From centuries of trial and error, the king was under the parliament, the parliament was under the people, the people were under the law, and the law was under God – or at least some concept of the common good. At its zenith, there was an expectation of humility. Even for exalted people and institutions, our pride was supposed to vest in the things beyond ourselves; an attitude most wonderfully conveyed in the statement of our late queen on her 21st birthday that: “My whole life, be it long or short, shall be devoted to your service and that of the great imperial family to which we all belong.” Our strategic confusion is just another example of the myriad problems that arise when people are ignorant of their own story, fail to understand how their culture has evolved, and haven’t grasped how society is a trust between the  dead, the living, and the yet-to-beborn. It’s actually an abundance of respect for all cultures other than our own that’s now the mark of most Western countries. It’s very hard to mount a defence unless there’s something worth defending. Yet all the main Anglosphere countries are now angsting over their self-worth: America over slavery, Britain over the empire, and Australia over settlement and dispossession. 

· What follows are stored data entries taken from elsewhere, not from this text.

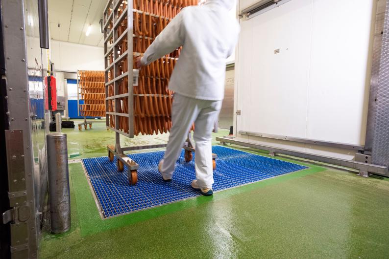 Compliance with strict hygiene regulations is a challenge in meat processing plants. Entrance areas for clean production in particular are potential danger points for cross-contamination. Not only employees can transmit germs, but also transport and smoking trolleys are often pushed through low and high-care areas without thinking. ProfilGate aqua helps to significantly minimise the spread of germs.
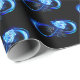 Luminous infinity symbol with glowing, beautiful, lushly blooming rose made of blue flames on black background.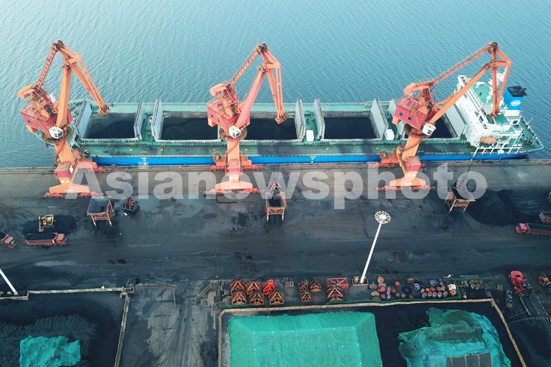 2020年8月19日,江苏连云港港煤炭码头,一艘货轮在卸载一批电煤。

What else can explain our present government’s insistence that no important announcement be made except in the presence of three flags: the national one, plus the Aboriginal and Torres Strait Islander ones. These days entities that wouldn’t dream of toasting the king at a formal dinner, or beginning any official proceedings with a prayer, now routinely begin their activities with an acknowledgment of the traditional Indigenous owners, as if that’s the only cultural inheritance that matters; and even though Christianity, or “the coming of the light”, is almost certainly more important to more Indigenous people than ancestor worship. Until we have elected leaders brave enough to drop the pieties that imply that our country belongs to some of us more than to all of us; and to stop flying the flags of some of us co-equally with the flag of all of us, there’s really no hope of reversing the cultural decay that’s behind our strategic confusion. Are we collectively capable of recovering the historical memories and cultural self-confidence required to face this civilisational challenge? Sterner times could soon force us to rediscover our better selves. 

This is adapted from a speech this week to the Danube Institute in Budapest.